Federal Courts Strike Down State Residency Requirements in Cannabis Industry

In 2021, federal judges turned from alcohol to state cannabis licensure regulations that required potential licensees to reside in-state. Beginning in June 2021, a federal judge for the Eastern District of Michigan enjoined enforcement of the City of Detroit’s recreational marijuana licensing ordinance process, containing a durational residency requirement, because it was “unfair, irrational and likely unconstitutional.” Lowe v. City of Detroit, No. 21-CV-10709, 2021 U.S. Dist. LEXIS 113444, at *1 (E.D. Mich. June 17, 2021). The court found the requirement “more protectionist than it is equitable” as the challenged provisions of the Detroit Ordinance did “not appear to be rationally related to the stated purpose of rectifying the harm to City residents by the War on Drugs.” Id. at *21-22.

Four days later, a federal judge found Missouri’s regulation requiring that medical cannabis facilities be majority-owned by state residents who had resided in the state for at least one year likely unconstitutional under the Dormant Commerce Clause. Toigo, 2021 U.S. Dist. LEXIS 228062, at *22. The judge issued a preliminary injunction prohibiting enforcement of the Missouri Department of Health and Senior Service’s regulation because there were several non-discriminatory means available to further the legitimate interests advanced by the regulation. These non-discriminatory means included conducting background checks on potential cannabis licensees to further the interest of enforcing drug laws. Id. at *11.

Seven weeks later, the United States District Court for the District of Maine rendered a final judgment and held that Maine’s dispensary residency requirement, providing that all officers or directors of a medical marijuana dispensary must be residents of Maine, violated the Dormant Commerce Clause because this was the type of law that furthered “the sort of economic protectionism that the Supreme Court has long prohibited.” Northeast Patients Grp. v. Me. Dep’t of Admin. & Fin. Servs., No. 1:20-cv-00468, 2021 U.S. Dist. LEXIS 151027, at *12 (D. Me. Aug. 11, 2021).

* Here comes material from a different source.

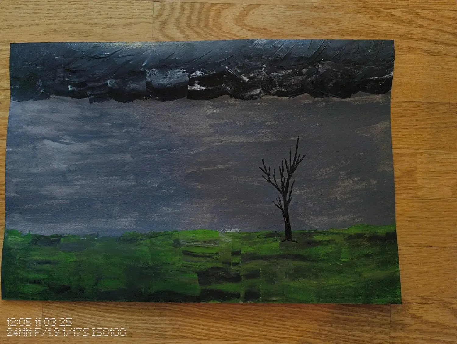 This was done with acrylic paint, paint brush, metal package strapping edge, and a toothpick.

The Defendants, Kirsten Figueroa, the Commissioner of Maine’s Department of Administrative and Financial Services, and United Cannabis Patients and Caregivers of Maine, an in-state trade group that intervened in the case, are asking the United States Court of Appeals for the First Circuit to reverse this ruling.

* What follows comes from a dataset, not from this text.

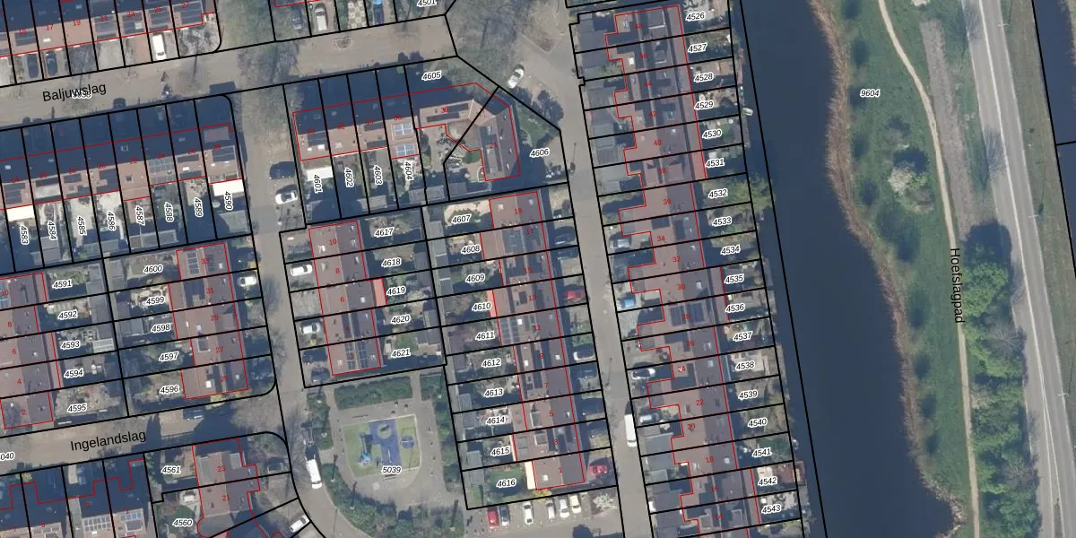 Gebruik de zoekbalk of klik op een perceel voor informatie over de adressen binnen dit perceel.

The Future of The Alcohol and Cannabis Industry

The litigation concerning state regulations in the cannabis and liquor industries serves to alter traditional roles within these trades. Historically, states played a large role in the regulation of the sale of these substances and often preferred in-state residents to participate in the industries. Recent successful challenges to state liquor and cannabis licensing schemes containing a durational or non-durational residency requirement pave the way for future litigation concerning state regulations with similar requirements and likely will open up the markets for out-of-state residents to be participants. National manufacturers and distributors of alcohol and cannabis should closely monitor these developments as their ability to be present in, and serve, new markets may multiple as preferential restrictions are loosened or eliminated.

Comments 1

  1. Tom Wark says:

    “Unlike the blanket residency requirements, courts have found states’ discriminatory treatment of out-of-state residents in these systems essential because the alternative would provide out-of-state retailers with a competitive pricing advantage, which the Dormant Commerce Clause does not mandate.”

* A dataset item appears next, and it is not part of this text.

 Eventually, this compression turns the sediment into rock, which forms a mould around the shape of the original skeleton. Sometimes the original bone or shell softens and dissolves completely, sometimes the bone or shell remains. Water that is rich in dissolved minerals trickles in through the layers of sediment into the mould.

    I don’t believe this is correct. The Dormant Commerce Clause does not prohibit a state from disadvantaging its own in-state licensees. It prohibits discrimination in interstate commerce. A state may charge its own licensees $500 for a license while charging an out-of-state entity $100 for doing business in the state without violating the dormant commerce clause because there is no interference with interstate commerce in that scenario.

    Moreover, in TN wine, Justice Alito explicitly said that the holdings in Granholm, which overturned discriminatory wine shipping laws in NY and MI also applied to out-of-state retailers. The panels in Sarasota Wine, B-21 and Lebamoff all got it wrong. I suspect we’ll see circuit splits on this issue in the next 12 months.